As we move closer to a post-quantum world, all eyes are on NIST (The National Institute of Standards and Technology).
NIST is the organization responsible for standardizing an algorithm specifically designed to be resilient against quantum computer attacks. The multi-year selection process is nearing its final phase, with three algorithms (BIKE, Classic McEliece, and HQC) passing a rigorous testing process in 2023 and making it to the fourth round.
Now, these algorithms are one step closer to being accessible to organizations worldwide for integration into their encryption infrastructure. But they’re not there yet.
The latest step in the journey to standardization was NIST’s Fifth PQC Standardization Conference, held this April in Rockville, Maryland.
The conference’s purpose was to discuss various aspects of the algorithms and obtain valuable feedback that will inform decisions on standardization. The submission teams for BIKE, Classic McEliece, Falcon, and HQC also provided an update on their algorithms.
I had the opportunity to attend the conference, and here are my top takeaways.
But first, why it matters…
Before digging into the specifics of the PQC Standardization Conference, it’s important to be clear about just how important this process is.
Quantum cryptography is coming, and while no one knows exactly when it will arrive, we know that once the first quantum computers are live, most of our existing encryption algorithms will become obsolete.
So, while our current algorithms can still protect against non-quantum threats, experts emphasize the need for proactive planning to ensure long-term security. This is particularly important as integrating new algorithms across all computer systems can be time-consuming and span several years.
As a result, industry and government organizations are racing against PQC advancement to implement new standards. The algorithm(s) selected by NIST will deliver those standards, providing the world with the first tools to protect sensitive information from this new threat.
A new phase means new challenges
NIST announced that it will release the Federal Information Processing Standards (FIPS) 203, 204, and 205 around the summer of 2024. This announcement prompted each of the Round 4 candidates to share updates on how they plan to move forward. Several candidates also addressed recent challenges discovered with their algorithms. Here are the top-line messages from each:
BIKE
The BIKE team addressed a paper attacking their algorithm, claiming the attack was not practical in practice, and proposed a change in the implementation to fix it.
Classic McEliece
The Classic McEliece team stays strong on their algorithm. They claim it’s the most stable of all the other PQC algorithms, citing several projects that have used it, including Adva in high-speed optical networks, crypt4a in HSM, software implementations like Bouncy Castle, and VPNs like MULLVAD VPN and ROSENPASS.
Falcon
The Falcon team (along with NIST) will release an initial draft sometime in the fall of 2024. They mentioned the difficulty of implementing floating-point arithmetics and the problems it could uncover, sharing how they plan to adopt features from the Hawk algorithm, which uses ANTRAG to reduce the amount of floating-point arithmetic operations.
HQC
The HQC team released new security proofs that have no effect on the current state of the implementation or its inputs and outputs. They also addressed a countermeasure for a recent timing attack and a fix for their diversion modular timing side-channel attack.

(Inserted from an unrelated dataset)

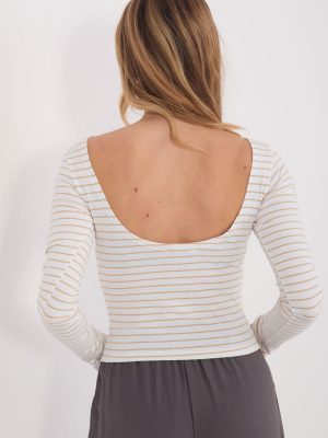 Η προσαρμοσμένη γυναικεία μπλούζα τύπου longsleeve είναι μια κομψή πρόταση σε casual στυλ, ιδανική για καθημερινή χρήση. Η κοντή γραμμή αναδεικνύει όμορφα τη σιλουέτα, ενώ το ελαστικό υλικό προσαρμόζεται στο σώμα, προσφέροντας άνεση και ελευθερία κινήσεων. Το μοντέλο είναι κατασκευασμένο από συνδυασμό βαμβακιού και ελαστάνης, είναι ευχάριστο στην αφή, αναπνεύσιμο και ελαφρώς ελαστικό. Το σχέδιο με ρίγες προσδίδει στη συνολική εμφάνιση μια διαχρονική αίσθηση και κάνει τη μπλούζα να κολλάει άψογα στις καθημερινές στυλιστικές επιλογές. Ο λαιμός τύπου bateau εκθέτει κομψά τη γραμμή των ώμων, ενώ ο πιο βαθύς λαιμός στην πλάτη προσθέτει μια αισθησιακή πινελιά και ξεχωρίζει το μοντέλο σε σύγκριση με τις κλασικές γραμμές. Το μακρύ μανίκι και η απουσία κλεισίματος υπογραμμίζουν τον μινιμαλιστικό, σύγχρονο σχεδιασμό. Είναι η τέλεια επιλογή για τζιν, σορτς ή φούστες με ψηλή μέση, μια ιδανική βάση για μοντέρνες, χαλαρές στυλιστικές προτάσεις.

New FIPS bring about additional changes
NIST made several announcements about changes to expect with the new FIPS documents. The FIPS 203 for Kyber/ML-KEM will undergo some significant changes. These changes include reverting the A-matrix indexing, which will make it no longer backward-compatible and change the standardized test vectors.
Next, Sample NTT will now use a specific XOF API because the existing standard did not allow SHAKE as a stream. They will also specify a “lower-level” derandomized API, which enables CAVP testing, and will not give guidance to KEMs in FIPS 203, but will give guidance in SP 800-277 instead.
The FIPS 204 Dilithium/ML-DSA will also have some big changes. The SampleInBall function will change, which will cause backward-compatibility problems and will require new test vectors. Meanwhile, the ExpandMask will not use an offset for the SHAKE output, missing checks have been fixed, and domain-separated pure and pre-hash variants were introduced.
Finally, the FIPS 205 will not have any significant changes. The biggest change will be for the internal functions to take randomness as input to enable CAVP testing.
Side-channel attacks are top of mind
Side-channels came up several times, with many conversations about how to avoid these attacks.
One speaker talked about how they made Sphincs+ side-channel resistant, but it reduced the performance of the reference implementation by 70%. Meanwhile, another speaker shared their experience combining several weak physical leaks of HQC to recover the shared key using SASCA; however, this was only applicable to the reference implementation of HQC and not the optimized version.
Notably, one session on the topic used neural networks to attack Dilithium’s key unpack function and recover the secret key. Dilithium responded that they consider the unpacking function to be protected and suggested statically masking the stored key, doing constant weight encoding, or shuffling the key unpacking loop to avoid vulnerabilities.
Planning for the transition to PQC
While standards have yet to be finalized, organizations everywhere need to keep the transition to PQC top of mind. As a result, this transition prep was an important topic during the conference.
Key activities for the transition include identifying all PKI objects and their lifetime in the system, preparing data formats and technological constraints, and implementing and utilizing available open-source tools.
Some common post-quantum engineering obstacles organizations are already encountering include algorithm identifiers, object encoding, interoperability awareness, and cryptographic tokens. Specifically, the ASN.1 OIDs are very messy and need to be more unified. Fortunately, some efforts are underway to help, like the IETF Hackathon GitHub page, which has a table of current OIDs.
Understanding the impact of PQC on real-world connections
One question that came up was about the effect PQC will have on real-world connections like TLS 1.3.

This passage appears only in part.